EV: Existe algum programa de computador que ajuda pessoas com deficiência visual a continuar trabalhando com textos?
D: Baixamos um sistema de nome "Dosvox", brasileiríssimo e gratuito, desenvolvido pelo Núcleo de Computação eletrônica da "UFRJ". Funciona com leitor de telas, pelo que conforme o usuário vai teclando e o leitor vai lhe informando em bom som o que está aparecendo no monitor. Em uma semana, já estava tirando as minhas primeiras petições com impressão e tudo. Depois, com maior esforço, fui melhorando principalmente na edição de textos, já que tinha que manter a qualidade de antes. Introduzi outros leitores de tela com distintas características e novos programas de adaptação. Por exemplo, aprendi um programa de escaneamento de documentos, o que me deu maior independência, visto que já reproduz em - "txt" - texto e não em imagem como nos tradicionais.
EV: Houve alguma perda de clientela após a cegueira?
D: Sim. Hoje, só trabalho em ações das quais sou autora, uma vez que todas as que patrocinava antes da cegueira deixaram de existir. Normal. Cruel! Sim. Contudo, dentro do previsível. É que os "iguais" tendem a pensar que a supressão de um sentido, por exemplo, significa a perda da capacidade intelectual. Tive uma triste experiência com meus vizinhos, que disseram: "A Dra. Deborah é advogada competente, mas é cega. Tem que sair das ações do condomínio e do conselho consultivo." Desnecessários maiores comentários, já que o clima de preconceito e discriminação é cristalino.
EV: Conte-nos da importância do cão-guia para a senhora.
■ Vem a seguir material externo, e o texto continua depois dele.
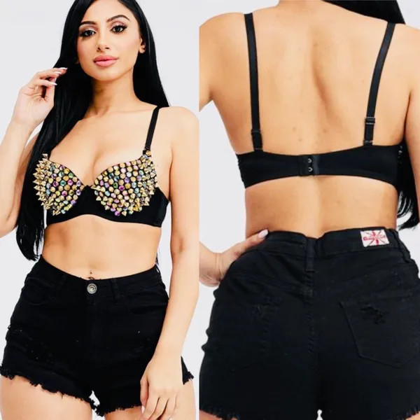 Product Description IN STORE 2-3 DAYS SHIPPING This spiked bra will make any outfit look good. It runs true to size.
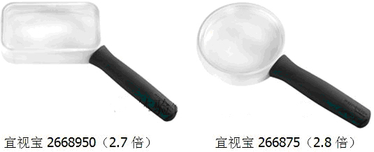 在這里,筆者給看官介紹兩款等光程放大鏡,皆為宜視寶放大鏡(等光程技術代表著德國宜視寶尖的端鏡片技術)。等光程放大鏡放大效果無失真,影像不會變形或扭曲,特別適用于長時間閱讀或者長時間觀察的用戶,眼鏡不容易產生疲勞 。
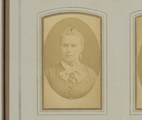 This portrait of a woman with a necklace was created by P. Siewers & Zoon using photographic processes. This small-scale photograph is mounted onto card stock. The sepia tones are due to the chemical reactions of early photographic processes; the image was built up through careful manipulations of light and developing agents, requiring technical skill to control. The woman’s jewelry and attire give us insight into the social norms and economic status of the sitter, while the photographer offers us a glimpse into the burgeoning industry of image production and portraiture. In the 19th century, photography democratized image-making, moving portraiture away from the realm of painting, only for the wealthy. This image speaks to the changing landscape of labor, production, and consumption. Understanding the materials and techniques reveals the history embedded within this seemingly simple portrait, bridging the gap between artistic expression and social documentation.

D: Vi que a bengala é uma ferramenta de locomoção que não se deu com a minha personalidade. Era tão cega quanto eu! Decidi que um olho quadrúpede seria a solução. Parti para a busca de Jimmy, meu cão-guia, em Nova Iorque, e o trouxe depois de um curso de 30 dias e sem falar o inglês. Eis a prova de que quando sabemos querer não existem barreiras de quaisquer natureza. Depois do Jimmy, a qualidade de vida da nossa família melhorou sensivelmente e posso dizer que formamos uma "dupla do barulho" a desbravar as adversidades que vamos encontrando no dia-a-dia.
EV: Quais são as evoluções sociais que a senhora entende serem mais prementes para o bem-estar de um deficiente visual no Brasil?
D: Hoje luto para transformar o "teletrabalho" uma realidade, para, por meio da tecnologia, tornar mais confortável a relação entre deficiente e empregador. Para o deficiente, não haveria o desgaste com a locomoção e, em contrapartida, o empregador não teria ônus de preparar um ambiente do trabalho adaptado, nem custear vale-transporte. Entretanto, sem uma legislação específica e com rara jurisprudência sobre o assunto, os empresários ainda não estão prontos para esse avanço.
EV: Que mensagem a senhora deixa para outros profissionais que também portam deficiência visual?
D: Temos que praticar o "jogo do contente", pelo qual sempre devemos agradecer pelo que restou ao invés de lamentar pelo que perdemos.
EV: A senhora deixa algum alerta à sociedade em geral?
D: Não podemos nos esquecer dos deficientes que não têm recursos financeiros para ter um simplório e defasado computador. Temos que lembrar dos interiores nem tão distantes das grandes capitais, onde não há qualquer infraestrutura para o que quer que seja. Dai é que percebemos o quão demagógico é o slogan governamental: "Brasil! Um País de todos". A luta é em prol de todos, pelo que despeço-me deixando aos leitores do Espaço Vital um exercício de cidadania, no sentido de que reflitam sobre o pensamento de Alexander Graham Bell: "Nunca ande pelo caminho traçado, pois ele conduz somente até onde os outros foram."